Income and area deprivation measures suggest that there are lower levels of poverty and areas of deprivation in rural Scotland. Rural Scotland has higher rates of employment and economic activity, with accessible rural areas having the highest hourly and annual pay. Although remote rural areas have the lowest rates of pay, this tells us very little about household resources overall.
These indicators of poverty have been criticised for failing to take into account the dispersed nature of rural poverty and the cost of living in rural Scotland. Indeed, it is estimated that the cost of living is notably higher for rural residents than it is for their urban counterparts. Research suggests that rural residents are paying considerably more for food, clothing, household goods, transport and housing. Rates of fuel poverty are rising steadily in rural areas, with twice as many households experiencing fuel poverty in rural areas than in urban.

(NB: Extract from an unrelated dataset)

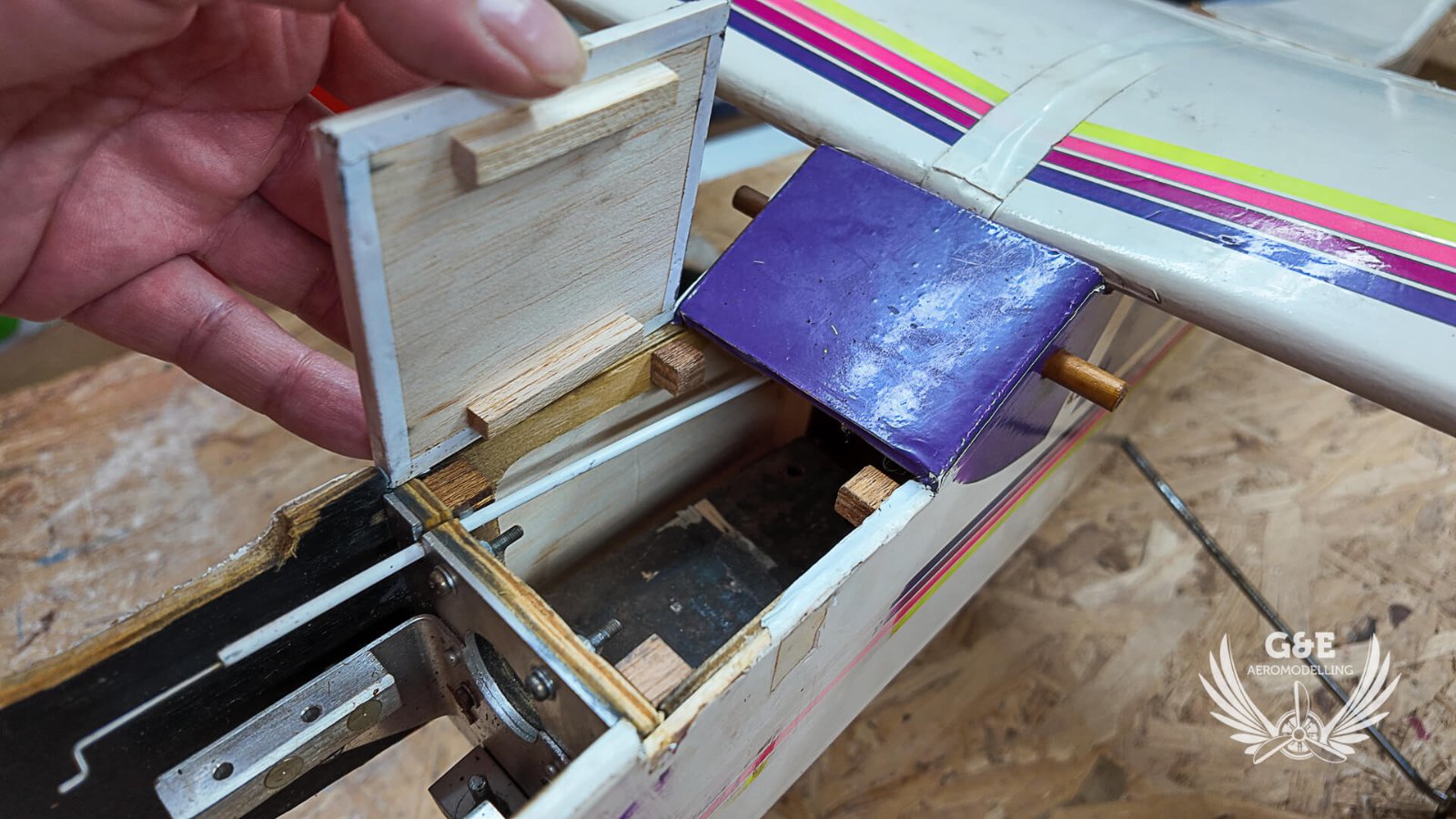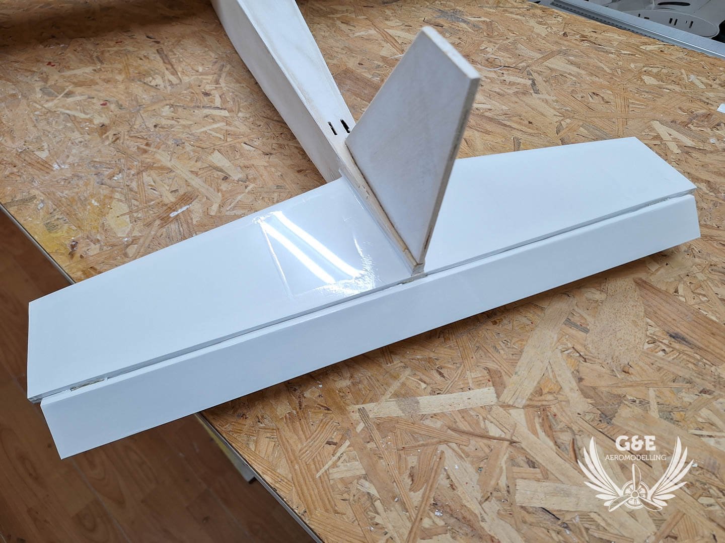 A következő lépésben visszaragasztottam a függőleges és vízszintes vezérsíkokat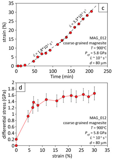Coarse-grained (d ~ 80 µm) magnesite cylinders were deformed at T = 900 °C, = 2.9–3.5 × 10−5·s−1, and four pressures (Peff = 2.9, 5.2, 5.8, 6.3, and 7.5 GPa) in the D-DIA apparatus to strains of 36, 30, 30, 27, and 36%, respectively (Table 3). In all experiments, differential stress increased rapidly as the load rams were advanced and the magnesite yielded at low strains (ε ~ 3%) (Figure 5c). After yielding, differential stresses increased slowly until ε ~ 15% and reached a constant value at higher strains until the end of the experiment.

With poverty measures focusing on income and place, as opposed to outgoings, it is possible that rural poverty is not easily identifiable. Though rural households may have higher incomes and are likely situated in less deprived areas, there is compelling evidence that many rural households are at risk of poverty due to their high expenditure on fuel and travel.
To better understand the impact of the cost of living on rural poverty, it may be useful to conduct further research into the feasibility of applying a rural cost-of-living adjustment to the poverty threshold (currently 60% of the UK median income). Such an adjustment may present a more accurate picture of rural poverty.